Os comerciantes não podem aplicar, no âmbito dos instrumentos de pagamento por si aceites, por razões relacionadas com a nacionalidade, com o local de residência ou com o local de estabelecimento do cliente, com a localização da conta de pagamento, com o local de estabelecimento do prestador de serviços de pagamento ou com o local de emissão do instrumento de pagamento na União, diferentes condições a operações de pagamento, caso:

  • As operações de pagamento sejam efectuadas através de uma transacção electrónica mediante transferência bancária, através de débito directo ou através de um instrumento de pagamento baseado em cartões da mesma marca e da mesma categoria;
  • Os requisitos de autenticação sejam cumpridos nos termos da legislação aplicável; e
  • As operações de pagamento sejam efectuadas numa moeda aceite pelo comerciante.

Quando tal se justifique por razões objectivas, a proibição imposta precedentemente não impede que o comerciante suspenda a entrega dos bens ou a prestação do serviço até receber uma confirmação de que a operação de pagamento foi devidamente iniciada.

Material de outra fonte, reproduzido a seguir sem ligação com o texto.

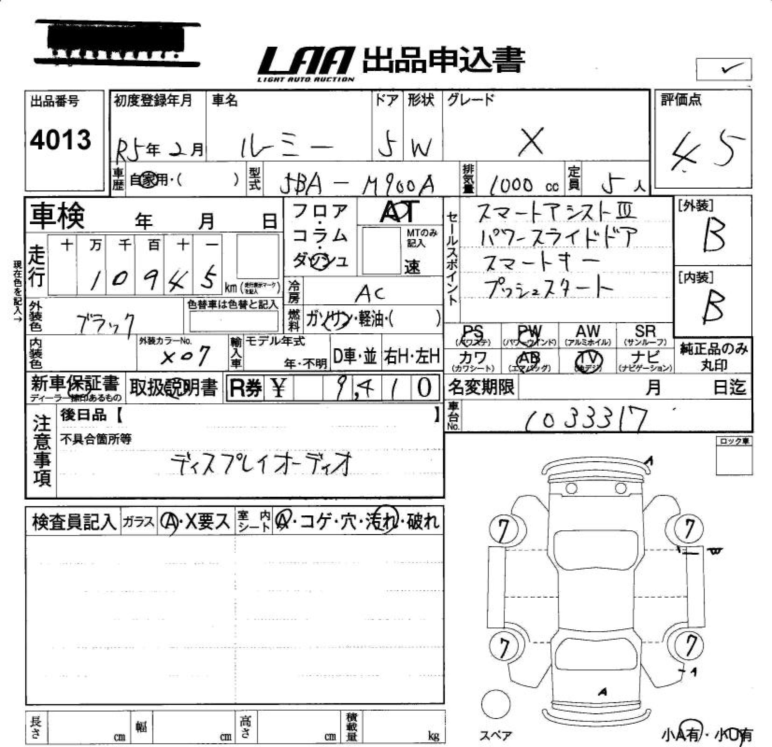 TOYOTA ROOMY X - лот 4013
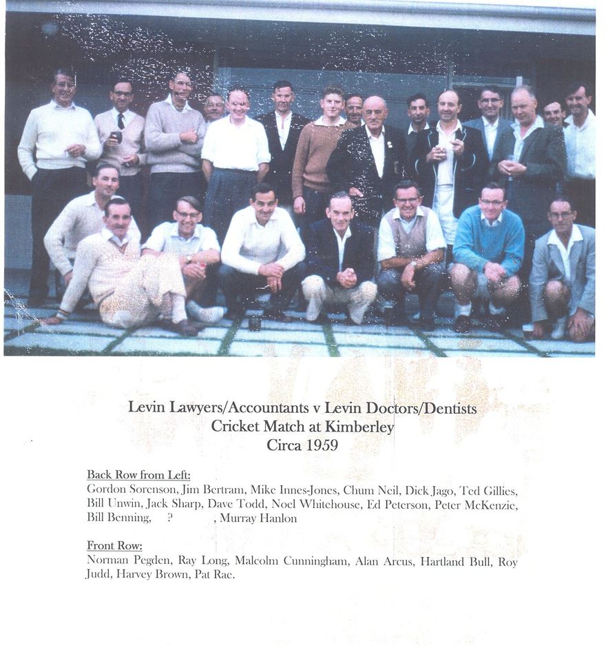Levin Lawyers/Accountants v Levin Doctors/Dentists, Cricket Match at Kimberley, c.1959
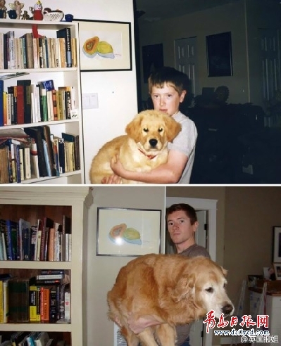 ??? 剛看到這組照片就被萌化了。汪星人的成長(zhǎng),有些是伴隨主人一起長(zhǎng)大的,幾年、十幾年慢慢的成了家庭中的一員。是不是很有愛(ài)哦。
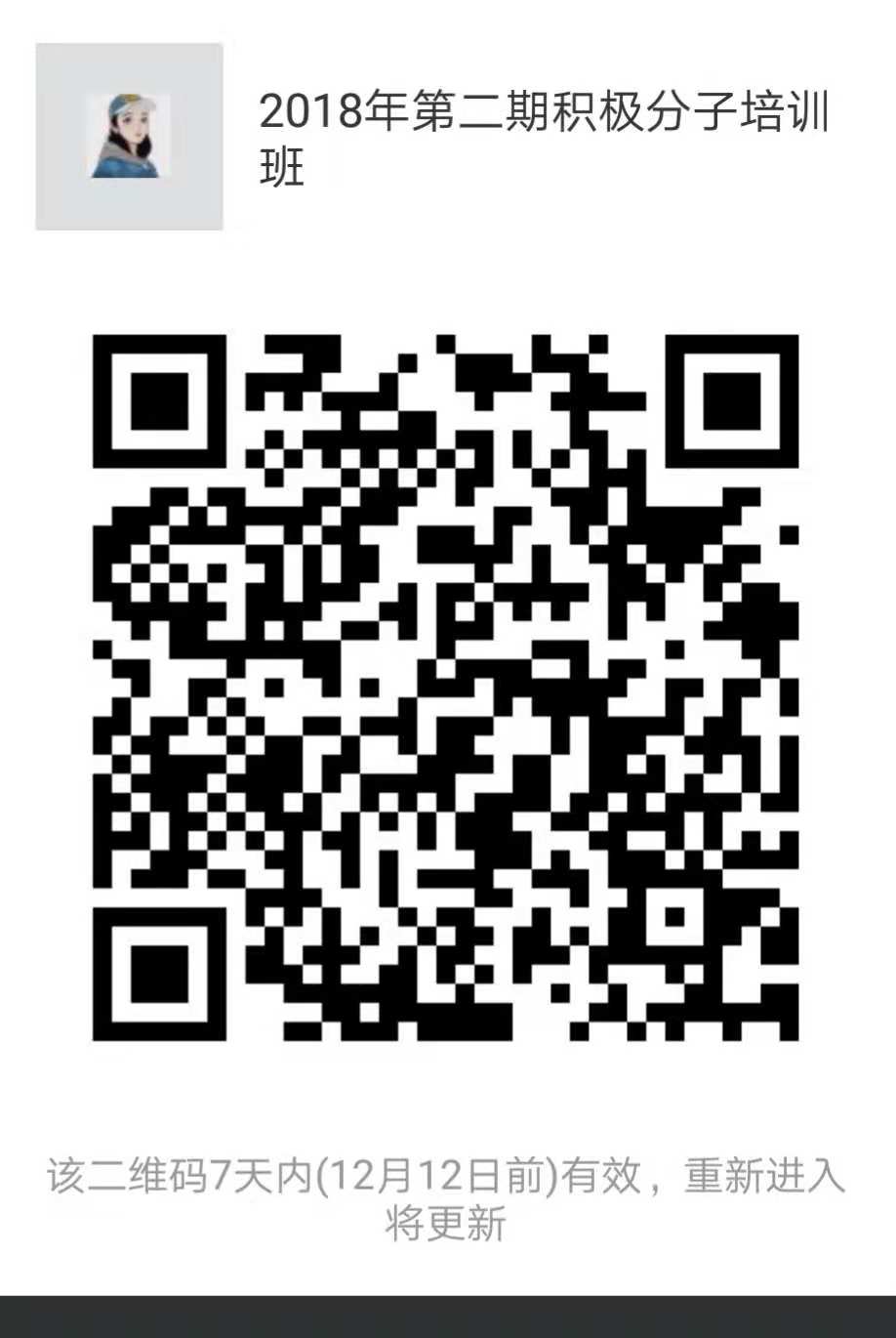 请数学科学学院2018年第二期积极分子培训班学员(详见附件名单),扫描以下二维码加入“2018年第二期积极分子培训班”群。若已参加过学园积极分子培训班并以取得结业证书的同学,请联系李玉婷老师进行登记。如有任何问题请及时相关负责老师。

A proibição imposta precedentemente não obsta a que os comerciantes cobrem encargos pela utilização de um instrumento de pagamento baseado em cartões para os quais as taxas de intercâmbio não sejam reguladas nos termos do pertinente  Regulamento Europeu [(UE) 2015/751] e para os serviços de pagamento aos quais não seja aplicável análogo instrumento [o Regulamento (UE) n.º 260/2012], a não ser que a proibição ou a restrição do direito de cobrar encargos pela utilização dos instrumentos de pagamento tenham sido introduzidas, de harmonia com a correspondente  Directiva [(UE) 2015/2366] na legislação do Estado-membro a que a actividade do comerciante está sujeita. Os encargos não podem, porém, exceder os custos directos suportados pelos comerciantes pela utilização do instrumento de pagamento.

Esclarecidos? Nem por isso?

É o que está, com efeito, legislado. Em geral e no que toca aos bloqueios geográficos e à precificação dos produtos e serviços em lugar, entre outros, do lugar de residência!

Não á fácil a apreensão dos termos da lei em vigor em Portugal (a lei interna e o Regulamento aplicável, sem mais, nas relações com estabelecimentos de outros Estados-membros).

Sem ignorar a Lei que entrará em vigor, em breve, restrita, no plano interno, às Regiões Autónomas dos Açores e da Madeira, como no artigo anterior se assinalou…

É que há que traduzir tudo por miúdos!

Proíbe-se a discriminação de preços dos serviços. E dos bens e serviços no que toca ao bloqueio geográfico e aos preços, nessa exacta medida!

Só que as excepções a todos nos deixam de todo o modo perturbados.

Voltaremos ainda ao tema em tempo oportuno.

É que este direito não é acessível aos juristas, em geral, menos ainda aos consumidores em particular.